He said he got an email in 2014, confirming that his uncle's remains had been found. Initially identified by the serial number on his .45 caliber sidearm, turned in by a native of New Guinea where he crashed, and by numbers on his aircraft, Longman's remains were returned to his family.
"I wish it had happened while my father was still alive," Gary Longman said. He said his father, Lt. Richard Longman, had been a B-17 navigator who spent 14 months in a German POW camp, returning home at the end of the war to learn of his brother's death. After retiring, he "made a hobby" of searching for his brother, using his navigator skills to determine how far and at what speed the missing plane could have gone.
"When he was 90, he wanted us to take him to the South Pacific and go looking," Longman said.

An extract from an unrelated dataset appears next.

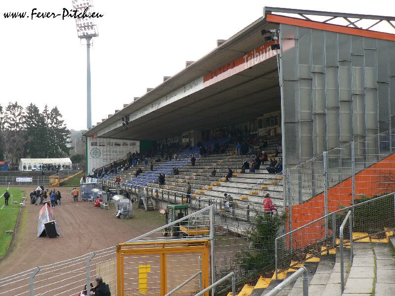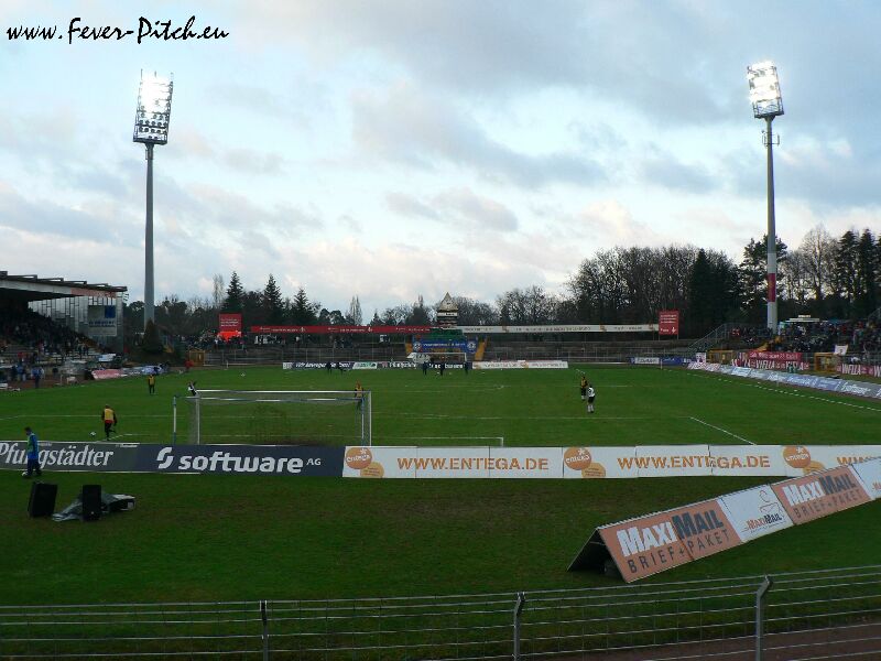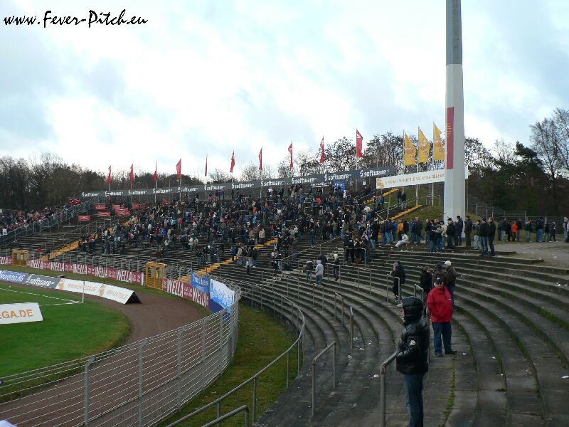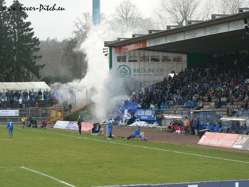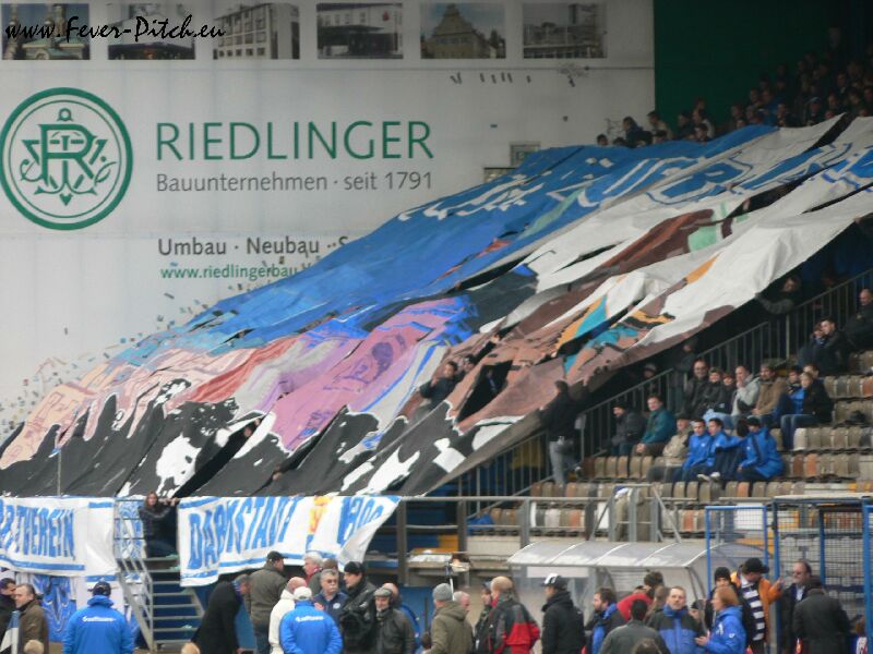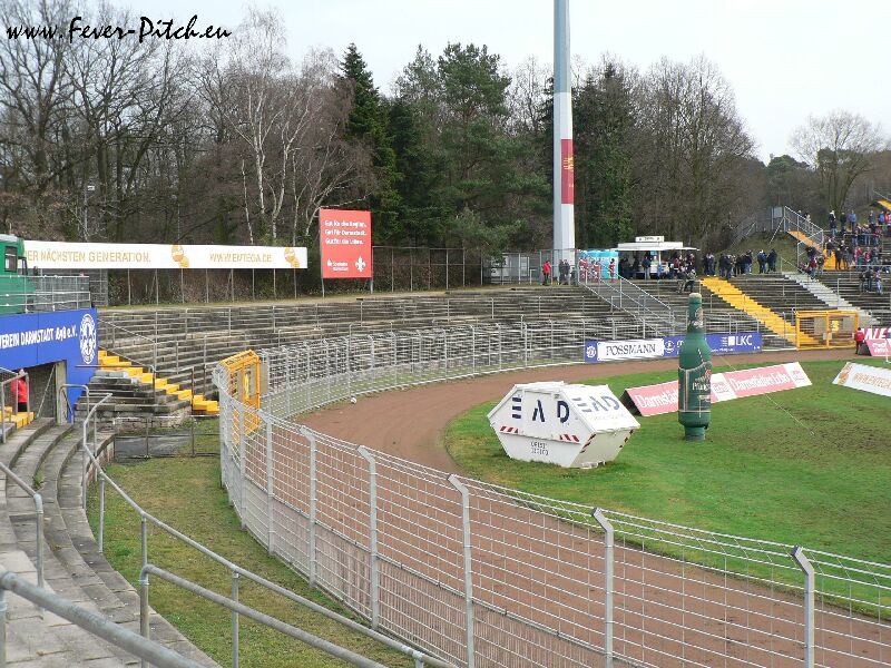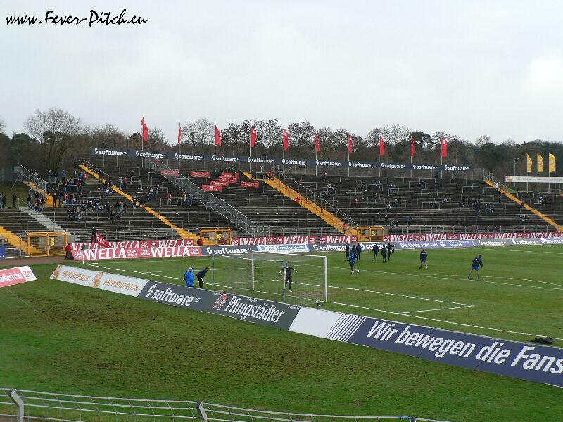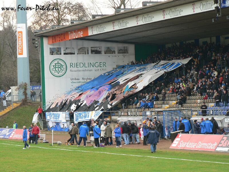 Gegen 13 Uhr und somit rund eine Stunde vor Kick Off hatte man sein Tagesziel erreicht. Die wucherhaften 4 Euro Gebühr für eine Parkmöglichkeit direkt am Stadion spart man sich am besten und fährt einige Meter die Straße runter, wo sich sicherlich noch was Kostenneutrales finden lassen sollte. Auf dem Weg zu den Kassen sprach uns auch gleich ein junger Darmstädter an, ob wir nicht gegen eine kleine Spende das örtliche Ultrazine (AusnahmezUstanD) haben möchten. Da ich sowas grundsätzlich unterstütze, gab ich ihm fürs Heft (inhaltlich nix Bahnbrechendes, aber dennoch ganz nett) großzügige 2, 50 Euro und er freute sich nen Ast (was gibt man denn sonst? 15 Cent?). Anschließend mal das Stadion betreten, was einiges kann. Eine schöne alte überdachte Tribüne und ansonsten unüberdachte Stehränge, wobei besonders die Gegengerade optisch überzeugt. Sicherlich ein deutsches Stadion mit hohem Wiedererkennungswert.

"We have a lot of snapshots of them, and my father talked about him -- he wasn't really a stranger to us," Sheryl Longman said.
Another nephew of Longman's found a mention of him in "Possum, Clover and Hades," a book about the 475th Fighter Group in which he served. "It's a big, coffee-table sized book and my brother was in a big chain book store when he opened it and found a mention of my uncle. Apparently, the fighter pilots would play 'chicken' with Jeeps during their off-duty hours," Gary Longman said. "That hole fighter-pilot thing."

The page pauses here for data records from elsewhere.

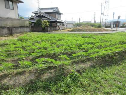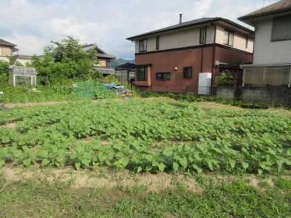 夕方のひまわり畑の様子です。朝とは逆に、葉がすべて西の方を向いています。葉が太陽の方向に、動いていることがよくわかります。
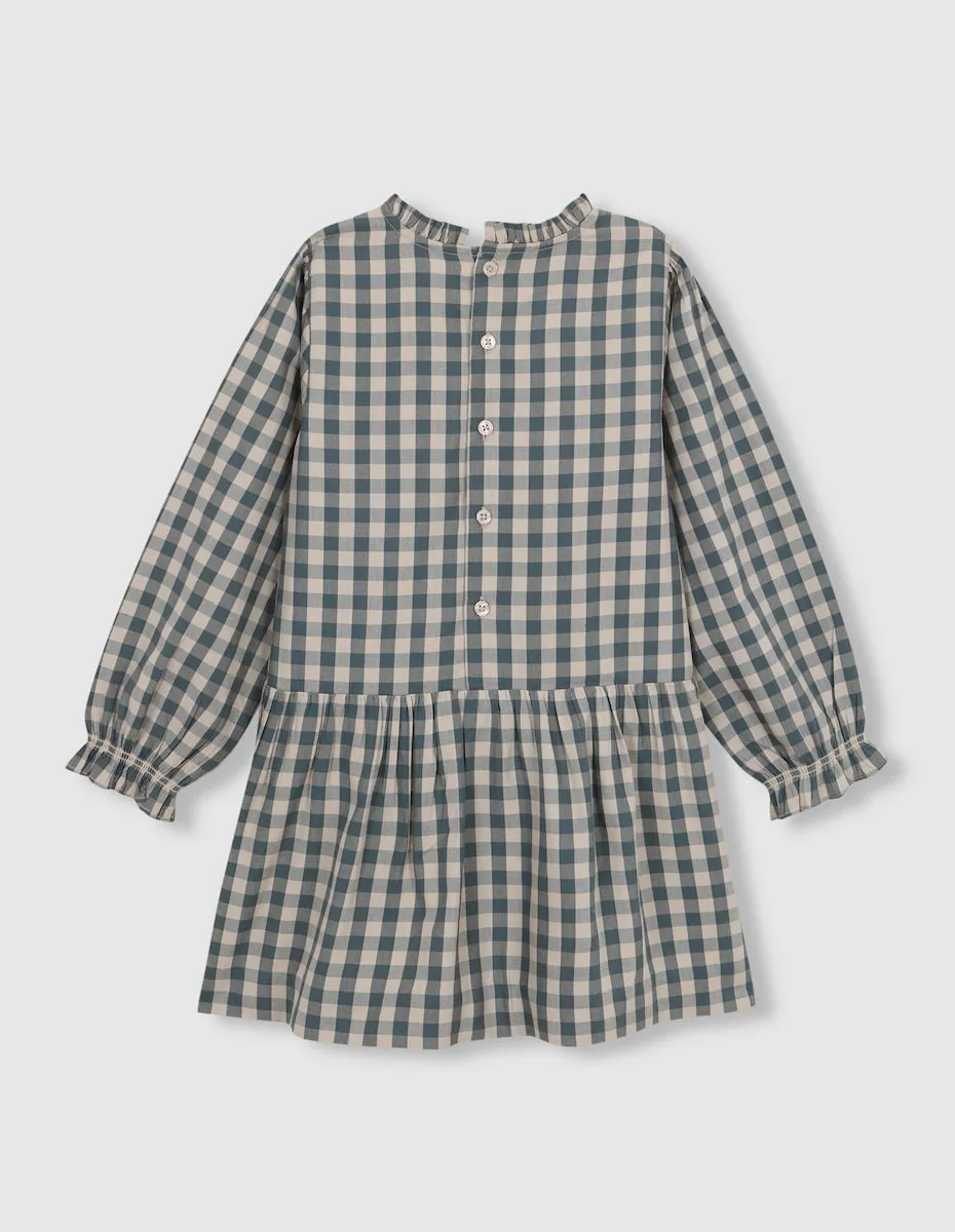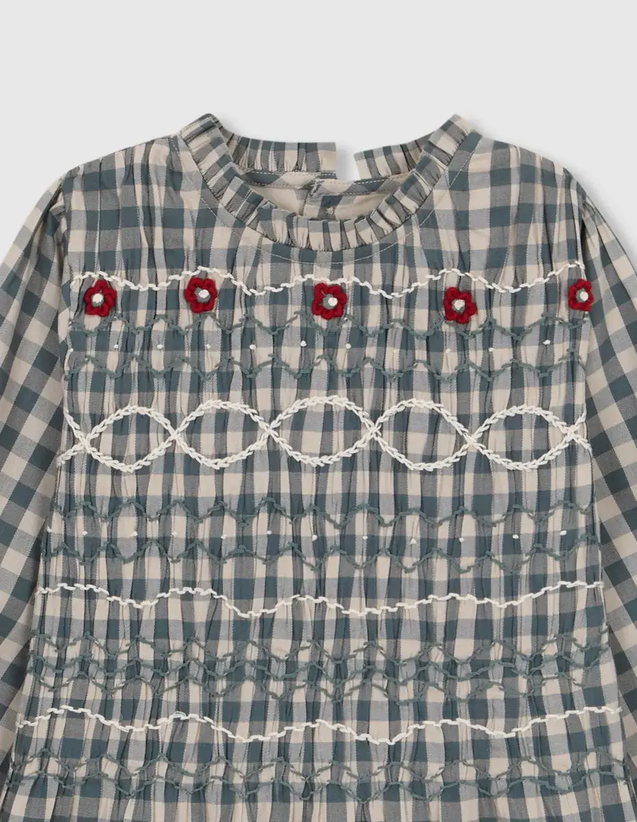 Платье в клетку с вышивкой на передней части, слегка присборенные рукава и застежка на спине.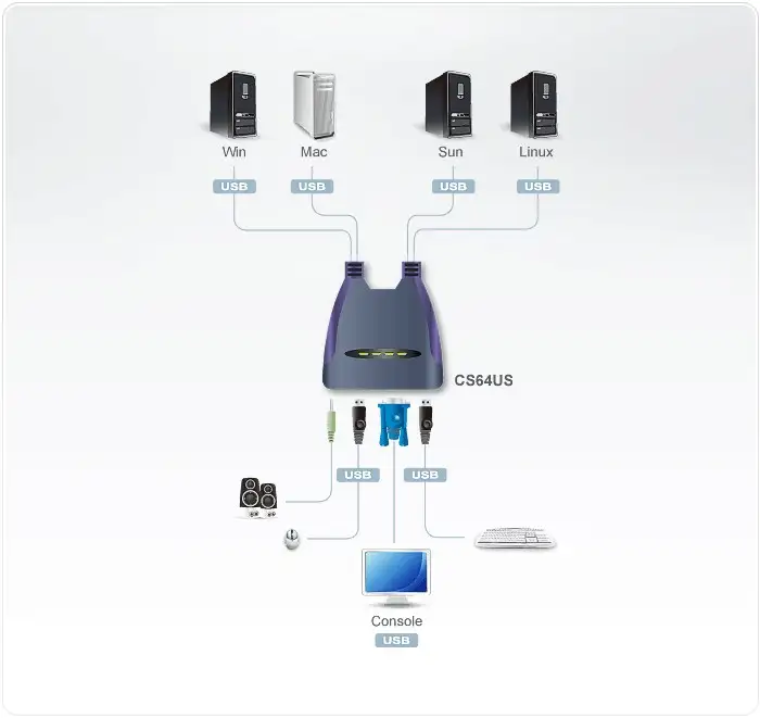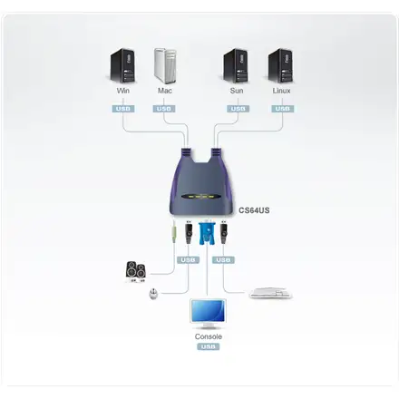 Superior video quality – up to 2048 x 1536; DDC2B Computer Selection via hotkey Multiplatform support - Windows, Linux, Mac, Sun Built-in 0.9/1.2 m cables and bus-powered design. Computer Connections - 4. Console Ports: 1 x HDB-15 Female (Blue); 2 x USB Type A Female; 1 x 3.5mm Audio Jack Female (Green); KVM Ports:4 x HDB-15 Male (Blue); 4 x USB Type A Male; 4 x 3.5mm Audio Jack Female (Green).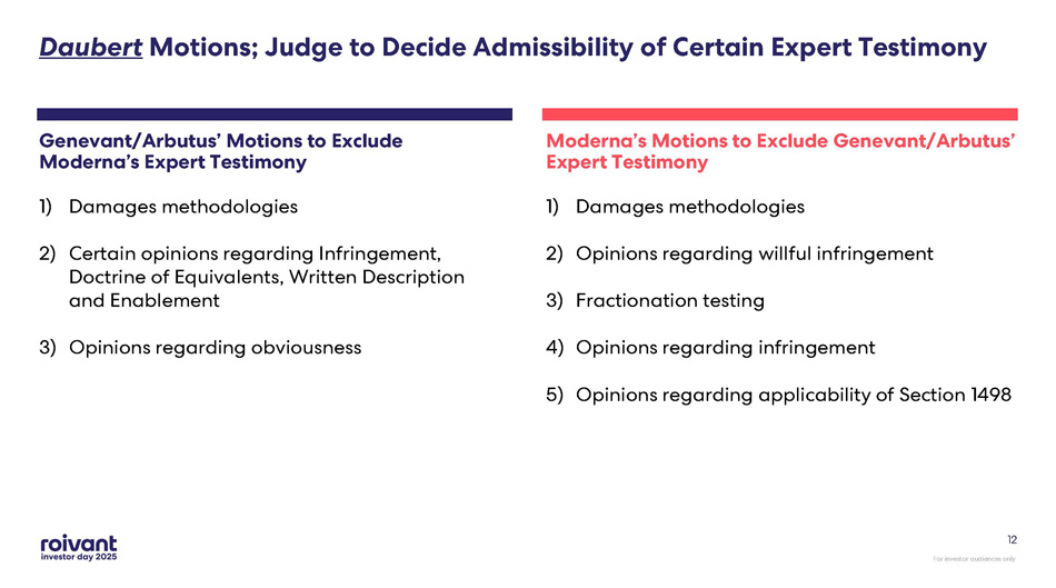For investor audiences only 11 Summary Judgment Motions Filed in US Moderna Case Note: All references are to calendar years and are approximate and subject to change. The timing of the litigation - related event s noted above is subject to change, including at the discretion of the court. See Slide 2 for further information on these fo rwa rd - looking statements Genevant and Arbutus Filed 5 Motions for Summary Judgment 1. Moderna cannot relitigate obviousness arguments against the Lipid Composition Patents (the ’359, ’435, and ’378 patents) already raised in its unsuccessful IPRs and appeals. 2. Moderna cannot argue at trial that the Asserted Patents are invalid because they do not enable someone in the art to practice the inventions without undue experimentation. 3. Arbutus and Genevant did not derive the invention disclosed in the ’651 patent from a much later Moderna invention. 4. 28 U.S.C. § 1498 does not apply (cross motion). 5. Moderna’s indefiniteness arguments fail as a matter of law (cross motion). Moderna Filed 3 Motions for Summary Judgment 1. 28 U.S.C. § 1498 requires Arbutus and Genevant to recover damages for infringement under one government contract from the U.S. government, not Moderna. 2. Plaintiffs’ claims under the doctrine of equivalents are barred by amendments and arguments made to the PTO during patent prosecution, and Arbutus and Genevant should be able to recover for literal infringement only. 3. The asserted claims of the ’651 patent are invalid for indefiniteness with respect to the Court’s construction of the term “fully encapsulated.” Patents Remaining to Be Litigated at Trial (Following Judge’s Order on Claim Narrowing) US Patent No. Subject Matter 8,492,359 Particle Composition 9,364,435 11,141,378 9,504,651 mRNA - LNP Compositions

Lt. Louis Longman disappeared on April 16, 1944, a day known as "Black Sunday," in which his bomber escort mission near Hollandia, New Guinea, encountered a severe storm system. The 5th Air Force lost 53 pilots and crewmen to the storm.

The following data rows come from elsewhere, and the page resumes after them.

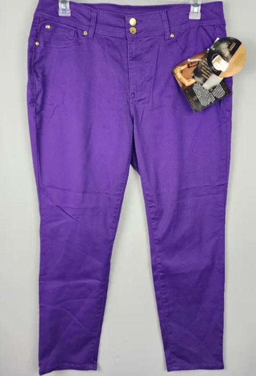 как выглядит IMAN Global Chic Purple Stretch 360 Slim Boot Cut Jean Purple 4 фото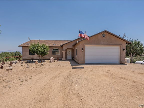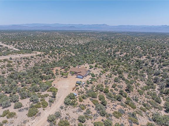 Discover the perfect blend of comfort and nature with this charming 3-bedroom, 2-bathroom home featuring a spacious 2-car garage. Designed with an open split floor plan, this residence sits on 6.99 acres of pristine, prime land, providing ample space and tranquility. Relax on cool nights by the wood-burning fireplace, creating a cozy ambiance. The property is on a shared well, ensuring a reliable water source, and boasts a mature garden, ideal for those with a green thumb. A 20kW generator provides peace of mind with reliable power backup. For added security, the home is equipped with security cameras and a driveway alarm to alert you when company is coming down the road. Explore the beautiful walking trails and enjoy the abundant wildlife that surrounds you. Nestled at the base of the Hualapai Mountains and backed by state land, this property offers breathtaking views of the Peacock Mountains, Cottonwood Mountains, Aquarius Mountains, and Hualapai Mountains. Don't miss this rare opportunity to own a slice of paradise!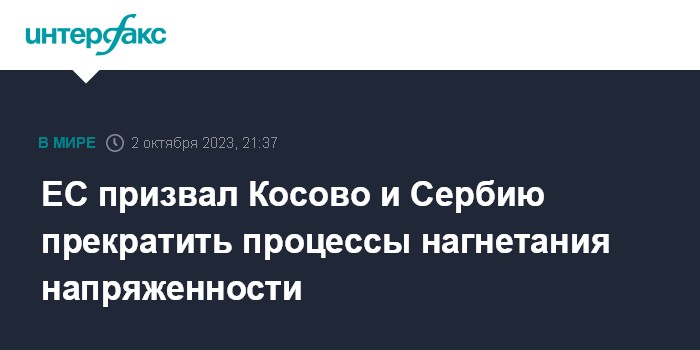 Москва. 2 октября. INTERFAX.RU - Официальный представитель главы дипломатии ЕС Жозепа Борреля Петер Стано заявил о необходимости остановить нагнетание напряженности в Косово.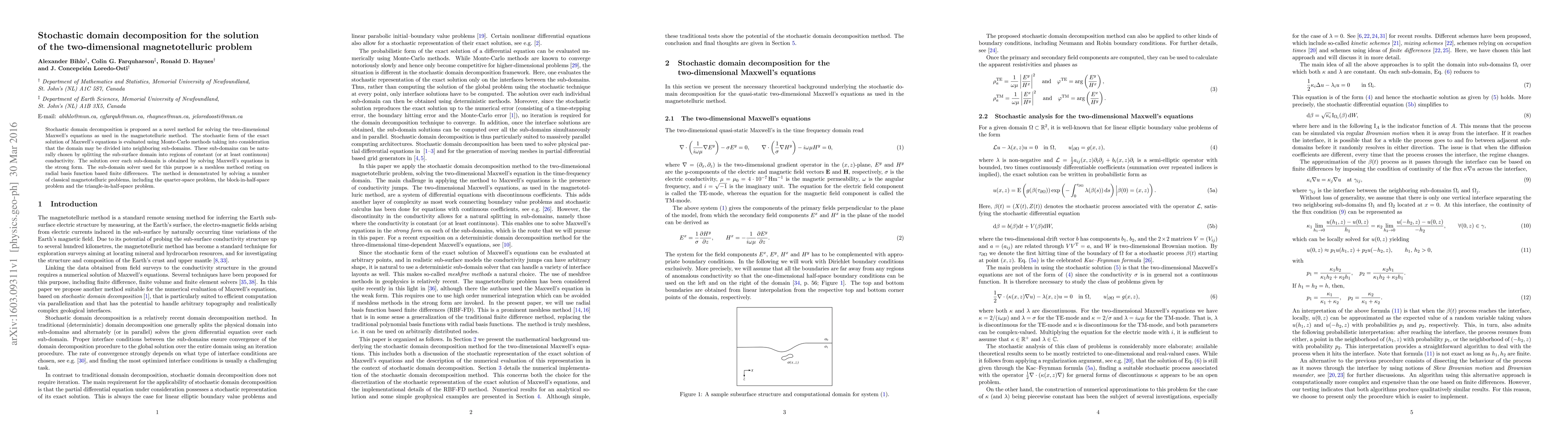 Stochastic domain decomposition is proposed as a novel method for solving the two-dimensional Maxwell's equations as used in the magnetotelluric method. The stochastic form of the exact solution of Maxwell's equations is evaluated using Monte-Carlo methods taking into consideration that the domain may be divided into neighboring sub-domains. These sub-domains can be naturally chosen by splitting the sub-surface domain into regions of constant (or at least continuous) conductivity. The solution over each sub-domain is obtained by solving Maxwell's equations in the strong form. The sub-domain solver used for this purpose is a meshless method resting on radial basis function based finite differences. The method is demonstrated by solving a number of classical magnetotelluric problems, including the quarter-space problem, the block-in-half-space problem and the triangle-in-half-space problem.

Displayed during the press conference was the fighter pilot's foot locker, containing the cold-weather gear he'd shipped home from the South Pacific as not needed during his service there. A steady string of Longman relatives entered the Rock Island National Cemetery administration building to view the artifacts, on loan from the Swift County Historical Society museum in Benson, Minn.
Gary Longman said the brothers had been orphaned at an early age, and raised along with seven other siblings by a number of family members in Clinton, Iowa.
"The last time the brothers saw each other was in 1941," he said. "Dad talked about him all the time, not specific incidents, but just the camaraderie they all shared. They were orphaned during the Depression and they had extremely strong emotional ties to each other. They were very close."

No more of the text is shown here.